-Supreme Court to Consider Case on Public Prayer
by Dr. D ~ November 5th, 2013

(U.S. Supreme Court building: Wikipedia)
On Wednesday the U.S. Supreme Court will hear arguments in the case of Town of Greece (NY) v. Galloway which is all about whether prayers should be allowed in public governmental meetings.
Town of Greece v. Galloway involves a dispute over invocations at town board meetings in Greece, N.Y, a suburb of Rochester. The legal battle, which is attracting attention from both sides of the church-state separatism debate, originated when residents Susan Galloway, who is Jewish, and Linda Stephens, an atheist, complained that all meetings between 1999 and 2007 were opened with Christian-themed prayers. …
Galloway and Stephens inevitably sued and in 2010 a lower court found that there was not sufficient evidence that Greece intentionally cut out non-Christian invocations, …
They won an appeal in May 2012 when the U.S. Court of Appeals for the Second Circuit ruled that people of other faiths should have been included in town board invocations. While Greece used a local guide to find churches, that directory apparently didn’t include non-Christian options, so the court ruled that the town should have expanded its search beyond its borders.
Greece appealed this latter decision and in May 2013, the Supreme Court agreed to hear and settle the case once and for all. On Wednesday, the justices will hear arguments from both sides.
Response: The Alliance Defending Freedom is supporting the Town of Greece in this case while Americans United for Separation of Church and State (AUSCS) is handling the case for Galloway and Stephens.
One interesting wrinkle that many didn’t expect- The Obama administration has weighed in as a “friend-of-the-court” and has submitted a brief supporting the Town of Greece and public prayer.

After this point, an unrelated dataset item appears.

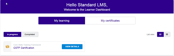 Below the overview of your learning is the My Learning section of the dashboard. This is where your courses are listed.

The town of Greece for its part claims that it utilized nearly every different religious leader in their jurisdiction for the prayers but the vast majority are Christian in their area. I think that the Court of Appeals made a ridiculous ruling when they ordered the Town to seek out different leaders beyond their borders. How that would be representative of the religious traditions in that township is hard to fathom.
It should be noted that the last ruling of the Supreme Court on this issue (in 1983) came out in favor of public prayer. Since then hundreds of cities and towns across America have been intimidated by the threat of lawsuits and have discontinued invocations before their meetings. The case will clear the way for a current understanding on the Constitutionality of prayers in government meetings.
It is hard for me to see how prayers before public meetings could ever be considered as unconstitutional since the very ones who wrote that document continued to carry out there own public affairs with invocations. The practice predated the founding of the country and continued for over 200 years without question until this generation. Also traditionally the very court that is considering this case has heard hundreds of prayers before beginning their own sessions. But now it is supposedly ‘un-Constitutional’? Only if the original intent of the writers are meaningless and we are free to re-write it by re-interpreting its very meaning.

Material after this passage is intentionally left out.